Today I was lucky enough to receive a new GP7 locomotive. Hooked up my rolling stock, (21 cars), and let it run. No problems for a while, then I moved up some box cars, 3 cars that I bought new a month ago.
The train would go 3/4 of the way around then the loco would de couple from the new cars. Looking closer, the coupler heights are not lined up. The loco coupler is low. Both the loco and the cars are from Bachman. Why would they have mismatched coupler heights? This seems bizarre.
Now looking at my other two locos Bachman S-2 and a 2-6-0 They have couplers at the same height as the GP7, but I do not have trouble with them de coupling.
No big problem, just puzzling. When I put a gondola car, (Bachman), between the GP7 and the boxcars no problems. The gondola car coupler matches the GP7.


----------



## J.C. (Dec 24, 2016)

what brand of coupler in on loco kadee makes a lot of different coupler heights you might need to change them out for a different one's , also I recommended you getting a coupler height gauge from them.


----------



## DonR (Oct 18, 2012)

Those Bachmann couplers will drive you nuts.

The best you can do is replace them with Kadees.
But you may have to use the overset model with
a Short shank. j

Don


----------



## CTValleyRR (Jul 26, 2014)

J.C. said:


> what brand of coupler in on loco kadee makes a lot of different coupler heights you might need to change them out for a different one's , also I recommended you getting a coupler height gauge from them.


I'll second that.
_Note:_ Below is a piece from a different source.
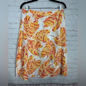 Richard Malcolm Woman's Linen midi length bright leaf print, sz 6, EUC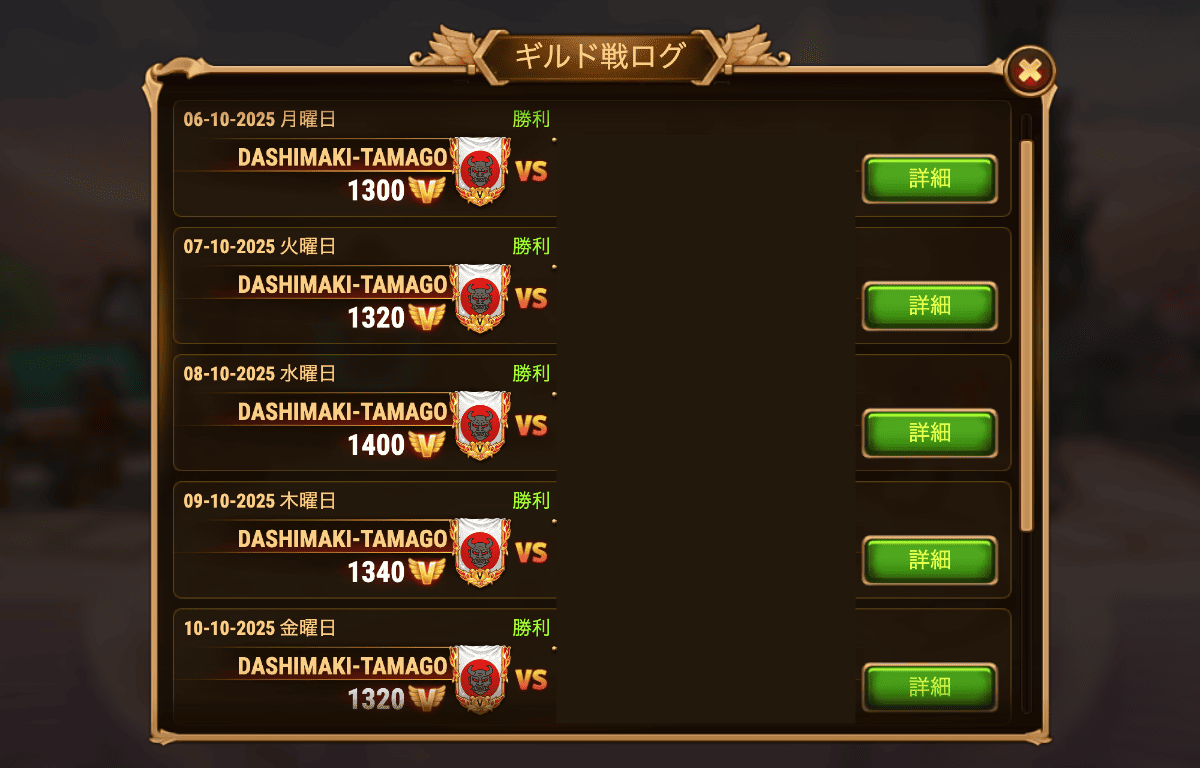 ギルドDASHIMAKI-TAMAGOの戦績(2025.Week41)

There's no point in worrying about couplers until you purchase and use a height gauge. You really want all your couplers at the SAME height, but not only that, the RIGHT height. That's the most likely height for the couplers on a new acquisition anyway. You don't know for sure that the loco coupler is low unless you check.

And FWIW, you didn't cause that problem, unless you replaced the OEM couplers.


----------



## robz (Feb 8, 2017)

Both the cars & the loco have the original couplers. What is puzzling to me, is that brand new equipment from the same manufacture, (Bachman), would have different heights right out of the box. I'd think there would be a standard, at least from the same manufacture.


----------



## Lemonhawk (Sep 24, 2013)

There is a standard, but it's cheaper not to test and repair against a standard. This gives you the pleasure of doing all that work of correcting the problem for them for free.


----------



## jlc41 (Feb 16, 2016)

Definitely get a coupler gauge tool. I learned the best thing is to check right out of the box. Both the height of the coupler and wheel gauge. Your also probably going to want to order some Kadee truck shims, 10 & 15 thousand thickness.


----------



## CTValleyRR (Jul 26, 2014)

Lemonhawk said:


> There is a standard, but it's cheaper not to test and repair against a standard. This gives you the pleasure of doing all that work of correcting the problem for them for free.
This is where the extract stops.